This is the mail archive of the
mailing list for the glibc project.
Re: PPC64 libmvec sincos/sincosf ABI
- From: Bill Schmidt <wschmidt at linux dot ibm dot com>
- To: GT <tnggil at protonmail dot com>, "libc-alpha at sourceware dot org" <libc-alpha at sourceware dot org>
- Date: Fri, 20 Sep 2019 15:25:52 -0500
- Subject: Re: PPC64 libmvec sincos/sincosf ABI
- References: <VI1PR0801MB2127D8F615416EA63BBEF4E583D50@VI1PR0801MB2127.eurprd08.prod.outlook.com> <email@example.com> <bPU5suQJKGq4tSJT5Ql-a4CHhOfAzI6bEPBnVxzjR5_MRWpTITv2LueySiGKZjGzI2lnmxgmk9bn6oXcfKUp6JXbsGkVpm5k0kuFUq2Mgzofirstname.lastname@example.org>
- Reply-to: wschmidt at linux dot ibm dot com
On 9/20/19 2:25 PM, GT wrote:
‐‐‐‐‐‐‐ Original Message ‐‐‐‐‐‐‐
On Thursday, August 8, 2019 11:25 AM, Bill Schmidt email@example.com wrote:
Let me jump in here to answer a general question that I think Bert has
had for a while.
For the PPC64LE ABI, we should be returning everything through registers
wherever possible. The ABI supports multiple return values of the same
type (up to 8 vector return values, for example), using the same
registers used for passing parameters. For simplicity in this example,
I'll use the AltiVec-style types (vector double), but this works
identically if you use more generically defined vector types.
vector double sinvals;
vector double cosvals;
mysincos (vector double a)
struct sincosret scr;
scr.sinvals = a+a; // May be slightly incorrect
scr.cosvals = a*a; // Ditto
This will result in the values being returned in VR2 and VR3:
This is preferable to returning values indirectly through memory, which
on older POWER processors can result in stalls from the store and load
being too close together and possibly executed out of order. The cost
is pretty much negligible compared to the cost of computing sin/cos, but
we might as well do it the best way that the ABI provides.
I believe we can now answer the issues that Joseph raised earlier in this thread.

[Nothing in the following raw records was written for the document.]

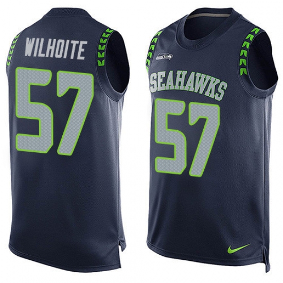 Home>NFL>Seattle Seahawks>Michael Wilhoite>Men's Nike Seattle Seahawks #57 Michael Wilhoite Limited Steel Blue Player Name & Number Tank Top NFL Jersey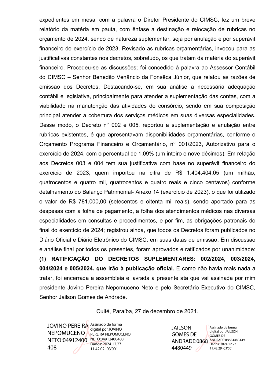 Conforme MP n° 2.200-2 de 24/08/2001, que institui a infraestrutura de chaves Públicas. Matéria Publicada no Diário Oficial do Consórcio Intermunicipal de Saúde do Curimataú e Seridó Paraibano/PB no dia - Edição 01132.
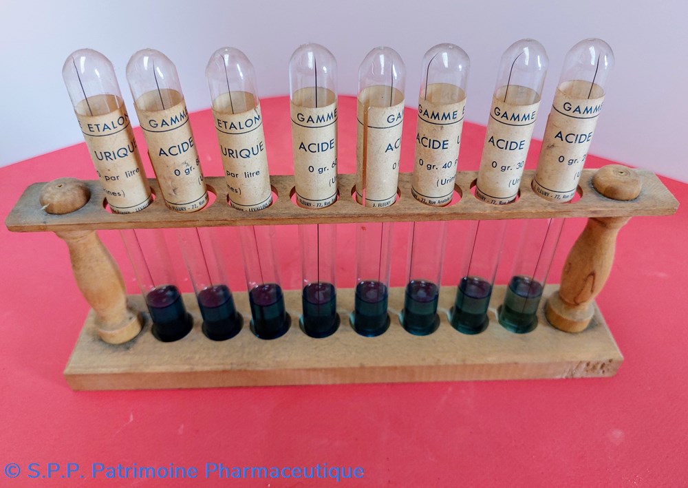 Support en bois de 8 tubes d'acide Urique pour mesurer le Glucose ( Gamme étalon de 0.20 à 0. 90)

Those questions are here: https://sourceware.org/ml/libc-alpha/2019-08/msg00022.html
The PowerPC64 double-precision vector sincos will have this as its prototype:
struct sincosret _ZGVbN2v_sincos (vector double);
The corresponding single-precision vector sincosf will have a prototype:
struct sincosretf _ZGVbN4v_sincosf (vector float);
We also need a new attribute that will indicate when scalar sincos[f] in a loop can be vectorized using the newly redefined PowerPC64 vector sincos[f] functions. None of the existing attributes can be used since the technique used to return multiple values in registers is new AFAIU. So, Bill, are you the designer who can attest that what is agreed to here for the sincos API and ABI will be faithfully reflected in the ABI document?
Sure, I can work together with you on this. I agree that a new
attribute is needed. The term we use for this in our existing ELFv2 ABI
document is "homogeneous aggregates," so it would be good if the name of
the attribute could reflect that the interface returns a homogeneous
aggregate. This is a bit of a mouthful, so may require some shortening.
As far as the new ABI document goes, I think we are looking to you to
complete the proposal of interfaces, attributes, and so forth so that
the document can be written. I am the right person to work with on this.